• What you will do:
Take the records below from their first line through the line holding "วิเคราะห์บอล ไอร์แลนด์ พรีเมียร์ลีก", and set each of those lines down exactly, without pictures.
[Start of section]
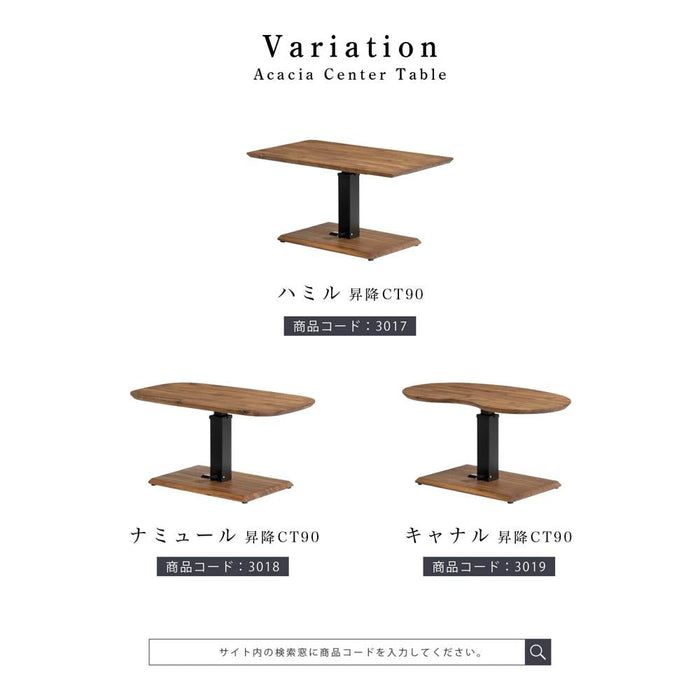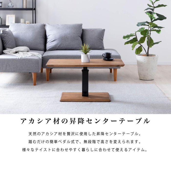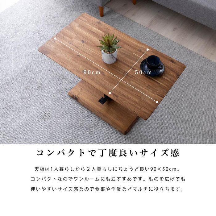 ローテーブル 幅90cm 昇降 無段階 アカシア 無垢材 スチール脚 カフェ
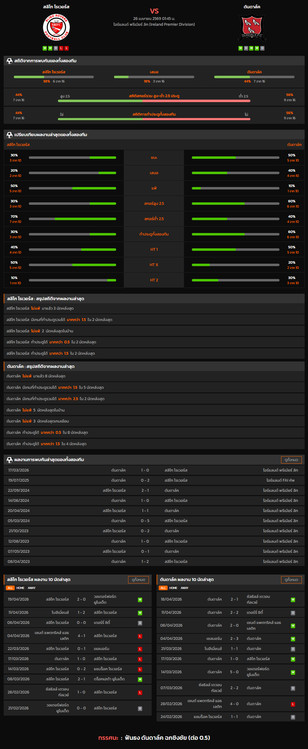 วิเคราะห์บอล ไอร์แลนด์ พรีเมียร์ลีก 2025-26 สลิโก โรเวอร์ส VS ดันดาล์ค
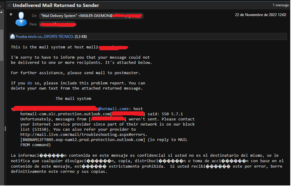 Como pie de página en este correo de rebote se menciona lo siguiente: que debe ser contactado al proveedor de servicios de internet ISP para que la IP pública (por seguridad aquí fueron cambiadas) sea retirada de la lista negra del dominio @outlook.com (que incluye @hotmail.com), sin embargo, esto no es correcto, dado que el ISP no es quien administra el dominio @outlook.com.
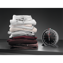 Krótsze cykle suszenia, lepsza pielęgnacja tkanin Dzięki ulepszonemu przepływowi powietrza suszarki AEG suszą ubrania szybciej i bardziej efektywnie niż tradycyjne suszarki. Ubrania są bardziej zadbane, przy krótszych cyklach suszenia. |
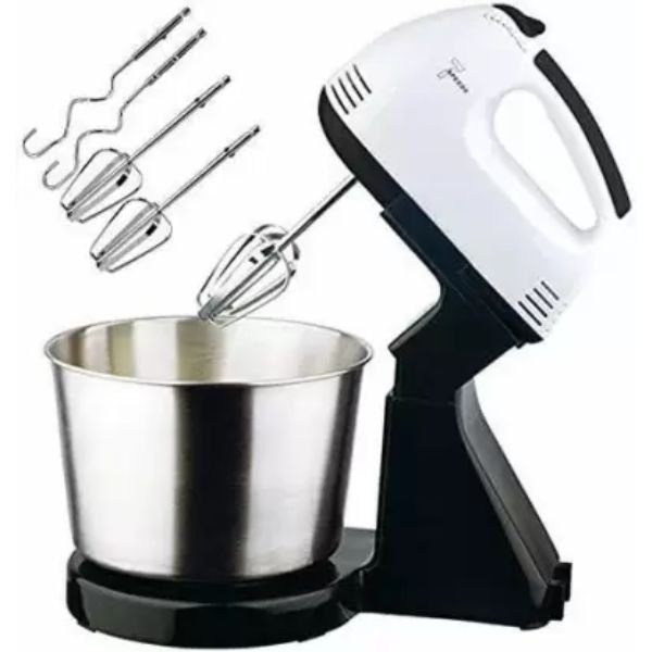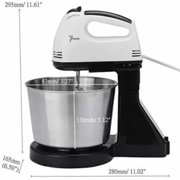 7-Speed Electric Food Mixer 2 in 1 Hand Mixer Featured with 2 different attachments( dough hooks and beaters ), It is perfectly designed for you to do all types of food mixing, including creaming, mixing, beating, kneadin, mix eggs or cream, provide you with a comfortable and safe user experience. [7-Speeds Switch]?With 7-speed electric egg beater, you are easy and free to make foods what you want.With multi-directional cold and hot air convection heat dissipation. The 100W hand mixer is made of stainless steel and premium plastic, lightweight,You can enjoy your works. [Large Capacity Bowl]?Designed with a large Plastic bowl with a maximum capacity, it perfectly meets all your kitchen needs. You can make full use of it when family or friends meetings come around. The bowl made of stainless steel is easy to clean. A splash guard help you add ingredients without making a mess. [High Quality]: The 100W hand mixer is made of stainless steel and premium plastic, lightweight, and a stainless bowl, Easy to use and powerful enough for most kitchen tasks. Let you quickly mix,whip egg whites blend, cake batter,whip cream,cookie dough,and more. [Multi Purpose] : Stand mixer is your perfect kitchen accessory for frosting, meringue, creamy dressings, doughs, baked goods and more.7-Speed Electric Food Mixer 2 in 1 Hand Mixer
[End of section]
• Finished exercise:
 ローテーブル 幅90cm 昇降 無段階 アカシア 無垢材 スチール脚 カフェ
 วิเคราะห์บอล ไอร์แลนด์ พรีเมียร์ลีก 2025-26 สลิโก โรเวอร์ส VS ดันดาล์ค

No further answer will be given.